The fight for attention.

Running a print business is a constant battle for your attention as a manager or owner. Every day you can simply show up for work and drown in all the issues fighting for your attention. Added to this daily grind is the overwhelming reality of how much the world around the print industry is changing and hence expecting your business to evolve (quickly and constantly).

All of this contributes to the fact that most printers have never really stepped back from their print business and assessed an overall strategic plan as it pertains to software. Printers have done this kind of planning with production when it comes to new production and finishing equipment. This is to be expected; other than buildings, the presses represent the most significant capital expenditures in a print business.

Software planning? Why?

But printers should think about their overall investment, strategy, and plan for the software running in their business. More and more, software is taking on a larger role in all businesses, print is no exception. The level of integration between software solutions in every print business is getting tighter, more “tightly-coupled,” and hence delivering more potential efficiencies.

Point solutions.

If you have never done it or you haven’t done it recently, it’s a good time to step back and look at your overall software strategic plan. Stop shopping for “point software solutions”—meaning something within their business has inspired them to start shopping for a web-to-print system or a prepress automation solution. This leads to discussions around features, pricing, and implementation. There is no big picture context to this approach to purchasing.

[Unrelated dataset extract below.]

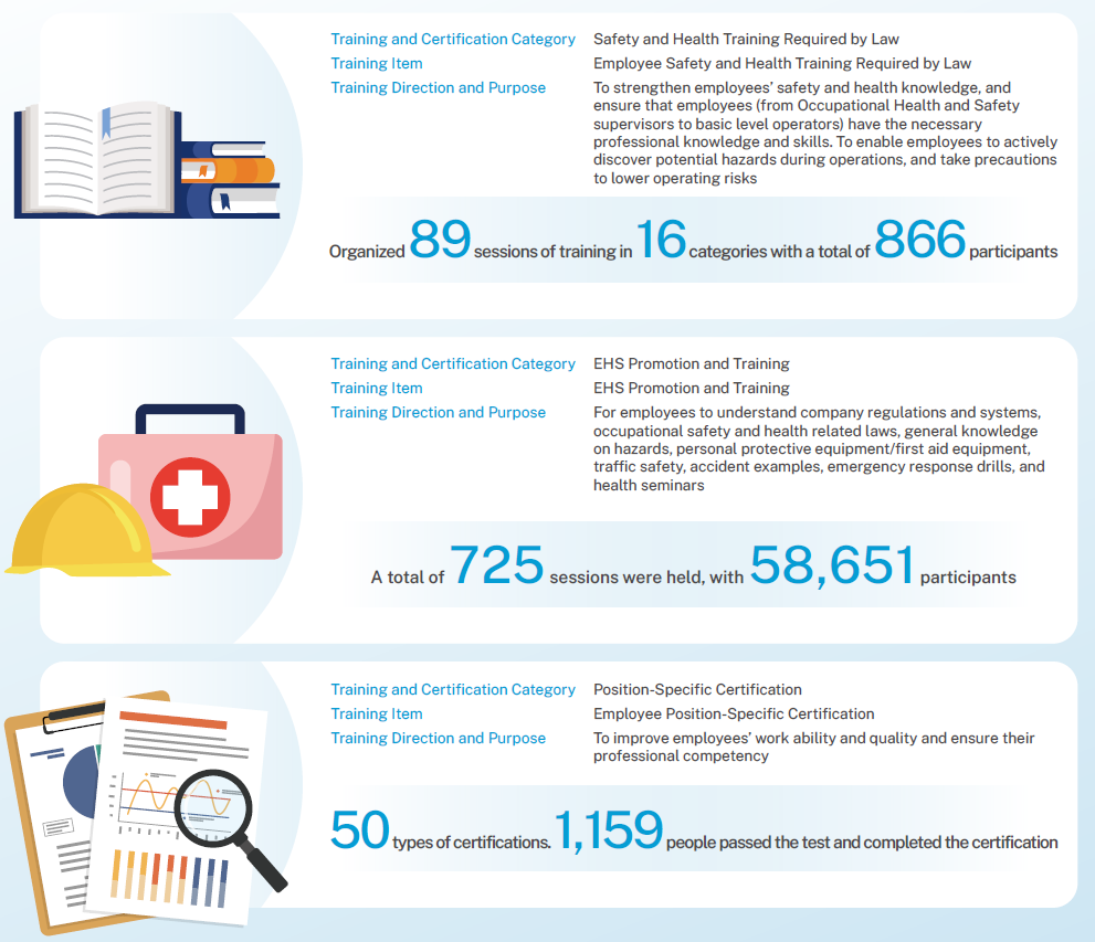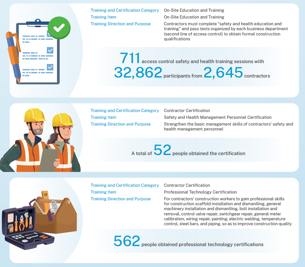 Employee and Contractor Professional Training and Certification We improve the specialized knowledge and skills of employees and contractors through solid training, and further improve operational safety and quality, lower abnormality rate, and achieve process safety, stability, and continuous operation.
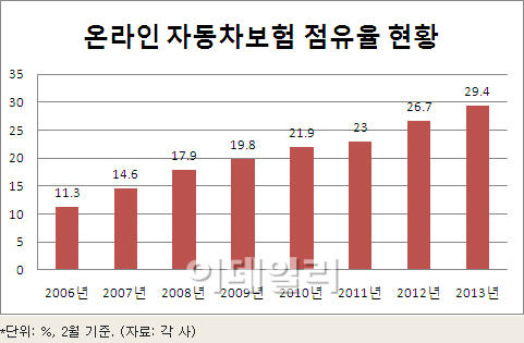 온라인 자동차보험이 출범 13년 만에 점유율 30% 돌파를 눈앞에 두고 있다. 경기가 어려워져 소비자들이 저렴한 보험을 선호하고 있는데다 대형 보험사들이 잇따라 시장에 진출하면서 보상과 긴급출동 등 서비스는 동일한 반면 가격은 저렴한 다이렉트 보험에 대한 신뢰도가 높아졌기 때문이다. 시장의 규모가 갈수록 커지고 있는 만큼 손해보험사 간 경쟁 또한 더욱 치열해지는 분위기다 [신상건 기자]

Software playing nice together.

When printers think about purchasing a print software solution, they should start with questions about the other technology already operating at the printer. You want all the software products to play nice with each other and ideally not have too much overlap in what they deliver for your print business. You can’t afford to buy products in isolation; they must “fit” with what you already have.

Start with MIS/ERP

A print software strategic plan must start with the Print MIS/ERP. The Print MIS/ERP should be the foundation of every print business. It should be a trusted system of record. This a big “should” because for many printers, there is a lot of fear and doubt about the data in their Print MIS. Strategically speaking, the Print MIS being a trusted system of record is the #1 most important factor in your overall success (more than your sales team, your press operators, or your leadership). The #2 factor as it pertains to software is whether your Print MIS can be easily integrated (meaning, can it easily get data in and out of the system because once you have trusted data, you want to share it with just about everyone—employees, management, customers, vendors, etc.).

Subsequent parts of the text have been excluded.